New York Mets
- Pitcher
- Born: June 14, 1996 (age 30) Santiago de los Caballeros, Dominican Republic
- Bats: RightThrows: Right

MLB debut
- August 20, 2021, for the Los Angeles Angels

MLB statistics (through 2024 season)
- Win–loss record: 0–1
- Earned run average: 5.56
- Strikeouts: 41
- Stats at Baseball Reference

Teams
- Los Angeles Angels (2021–2024);

= José Marte =

Dominican baseball player (born 1996)

José Manuel Marte (born June 14, 1996) is a Dominican professional baseball pitcher in the New York Mets organization. He has previously played in Major League Baseball (MLB) for the Los Angeles Angels.

==Career==
===San Francisco Giants===
Marte signed up with the San Francisco Giants as an international free agent in July 2015. He made his professional debut with the Dominican Summer League Giants, posting a 1.89 ERA in 5 games. Marte split the 2016 season between the rookie-level AZL Giants and the Low-A Salem-Keizer Volcanoes, accumulating a 2–5 record and 5.24 ERA in 15 games (14 of them starts). The following year, Marte played for the Single-A Augusta GreenJackets, pitching to a 7–7 record and 4.70 ERA in 25 starts. In 2019, Marte played for the High-A San Jose Giants, recording a 3–9 record and 5.59 ERA with 80 strikeouts in 74.0 innings across 18 games. Marte did not play in a game in 2020 due to the cancellation of the minor league season because of the COVID-19 pandemic. In 2021, Marte began the year with the High-A Eugene Emeralds, and was promoted to the Double-A Richmond Flying Squirrels after 5 games. He logged a 3.57 ERA in 19 games for Richmond.

===Los Angeles Angels===
On July 30, 2021, the Giants traded Marte, Sam Selman, and Ivan Armstrong to the Los Angeles Angels in exchange for Tony Watson.

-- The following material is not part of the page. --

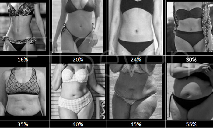 Вместо Х подставьте процент жира, с которым себя сравниваете. Дублирую таблицу из начала поста:

He was assigned to the Double-A Rocket City Trash Pandas, where he made three scoreless appearances, and also struggled to an 8.59 ERA in 7 games for the Triple-A Salt Lake Bees.

The Angels called up Marte to the major leagues for the first time on August 20, 2021. He made his MLB debut that day, tossing 2 scoreless innings against the Cleveland Indians. Marte finished his rookie year with a 9.00 ERA in 4 big league appearances.

Marte split the 2022 season between the Angels and Salt Lake. He struggled to a 7.36 ERA with 15 strikeouts across 11 appearances for the Angels, while posting an improved 5.45 ERA with 46 strikeouts and 3 saves in 34 games for the Bees.

On March 20, 2023, Marte was shut down for four weeks after being diagnosed with a stress reaction is his right elbow. On August 22, he was activated from the injured list and subsequently optioned to Triple–A Salt Lake.

On December 4, 2023, Marte re–signed with the Angels on a minor league contract. In 20 games for Triple–A Salt Lake, he recorded a 2.61 ERA with 20 strikeouts and 5 saves across 20 2/3 innings pitched. On June 15, 2024, the Angels selected Marte's contract, adding him to their active roster. He appeared in 14 games for the Angels, logging a 2.33 ERA with 14 strikeouts over 19 1/3 innings pitched. Marte was placed on the 60–day injured list on August 30, ending his season after he experienced shoulder soreness while rehabbing from a viral infection. He was removed from the 40–man roster and sent outright to Triple–A Salt Lake on October 24. Marte elected free agency on November 4.

===New York Mets===
On April 1, 2025, Marte signed a two-year minor league contract with the New York Mets. On June 19, 2026, after two appearances he was placed on the full-season injured list ending his season.